TASK DIRECTIONS: Only the pictures should be left out; repeat the rest of the data exactly.

DATA EXCERPT:
........

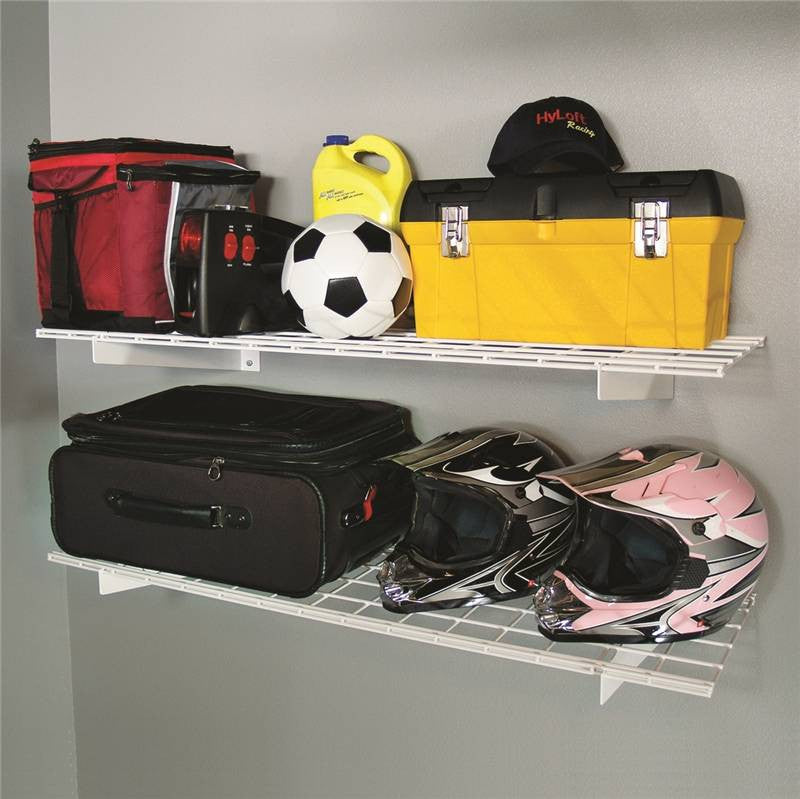 Low-profile brackets increase storage area. Installs on finished or unfinished walls. Installs side by side or stacked. Stores up to 200 lbs. per shelf. Includes: Two shelves and four brackets. Compatible with the HyLoft Add-On Hooks.
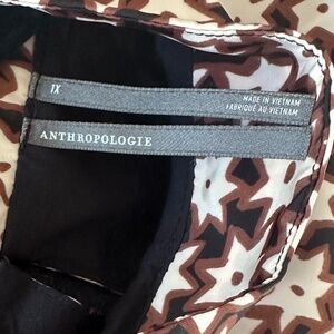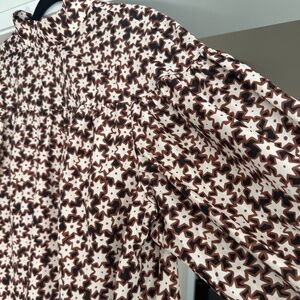 Fun and fabulous BY ANTHROPOLOGIE 3/4-Sleeve Mock-Neck Swing Mini Dress - Size XL. Runs large. Wear with short or tall boots and stomp through Fall! Spunky white and black stars print on brown for a fun, modern look. Wear with big hoop earrings and a ponytail! Add a belt for a different look! Mock collar with back peep hole and covered buttons. Elasticized sleeves, ruffled hem. Extra button on tag.
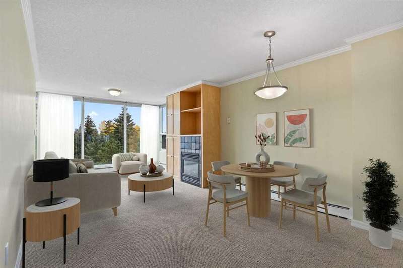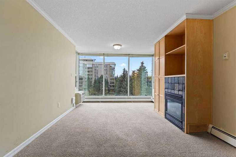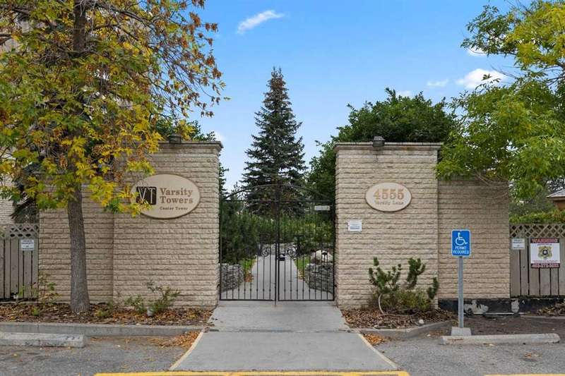 Gaze at sweeping garden and city views from this bright southwest corner unit with extra windows that flood the space with natural light, featuring a spacious layout with two large bedrooms, in-suite laundry, maple cabinets, built-in bookshelves, granite counters, tile backsplash, and modern décor, while a cozy gas fireplace creates the perfect focal point for relaxation and entertaining; included is secure underground parking and residents of Varsity Towers enjoy an unmatched lifestyle with access to an indoor pool, hot tub, steam room, fully equipped fitness centre, party lounge with games and big screen, business centre, library, car wash bay, lush landscaped gardens with BBQ areas, rooftop patios, courtyards, putting green, and greenhouse, all overseen by an on-site building manager providing peace of mind and exceptional service, plus a prime location close to schools, shopping, and dining makes this home the ultimate in urban convenience, and with flooring and paint updates needed it is priced perfectly for you to customize and make it your own. This complex is Pet Friendly and Bicycle storage also available. Condo fee not only covers all the features mentioned above, it also includes ELECTRICTY, WATER & HEAT common area maintenance and much more. Varsity Towers is located near Market Mall, U of C, Foothills Hospital, the Children's Hospital, and the New University District, with shops, restaurants, and major roadways nearby. This is a great condo, in a very nice complex, in a desirable part of the city.

........

EXPECTED ANSWER:
 Low-profile brackets increase storage area. Installs on finished or unfinished walls. Installs side by side or stacked. Stores up to 200 lbs. per shelf. Includes: Two shelves and four brackets. Compatible with the HyLoft Add-On Hooks.
 Fun and fabulous BY ANTHROPOLOGIE 3/4-Sleeve Mock-Neck Swing Mini Dress - Size XL. Runs large. Wear with short or tall boots and stomp through Fall! Spunky white and black stars print on brown for a fun, modern look. Wear with big hoop earrings and a ponytail! Add a belt for a different look! Mock collar with back peep hole and covered buttons. Elasticized sleeves, ruffled hem. Extra button on tag.
 Gaze at sweeping garden and city views from this bright southwest corner unit with extra windows that flood the space with natural light, featuring a spacious layout with two large bedrooms, in-suite laundry, maple cabinets, built-in bookshelves, granite counters, tile backsplash, and modern décor, while a cozy gas fireplace creates the perfect focal point for relaxation and entertaining; included is secure underground parking and residents of Varsity Towers enjoy an unmatched lifestyle with access to an indoor pool, hot tub, steam room, fully equipped fitness centre, party lounge with games and big screen, business centre, library, car wash bay, lush landscaped gardens with BBQ areas, rooftop patios, courtyards, putting green, and greenhouse, all overseen by an on-site building manager providing peace of mind and exceptional service, plus a prime location close to schools, shopping, and dining makes this home the ultimate in urban convenience, and with flooring and paint updates needed it is priced perfectly for you to customize and make it your own. This complex is Pet Friendly and Bicycle storage also available. Condo fee not only covers all the features mentioned above, it also includes ELECTRICTY, WATER & HEAT common area maintenance and much more. Varsity Towers is located near Market Mall, U of C, Foothills Hospital, the Children's Hospital, and the New University District, with shops, restaurants, and major roadways nearby. This is a great condo, in a very nice complex, in a desirable part of the city.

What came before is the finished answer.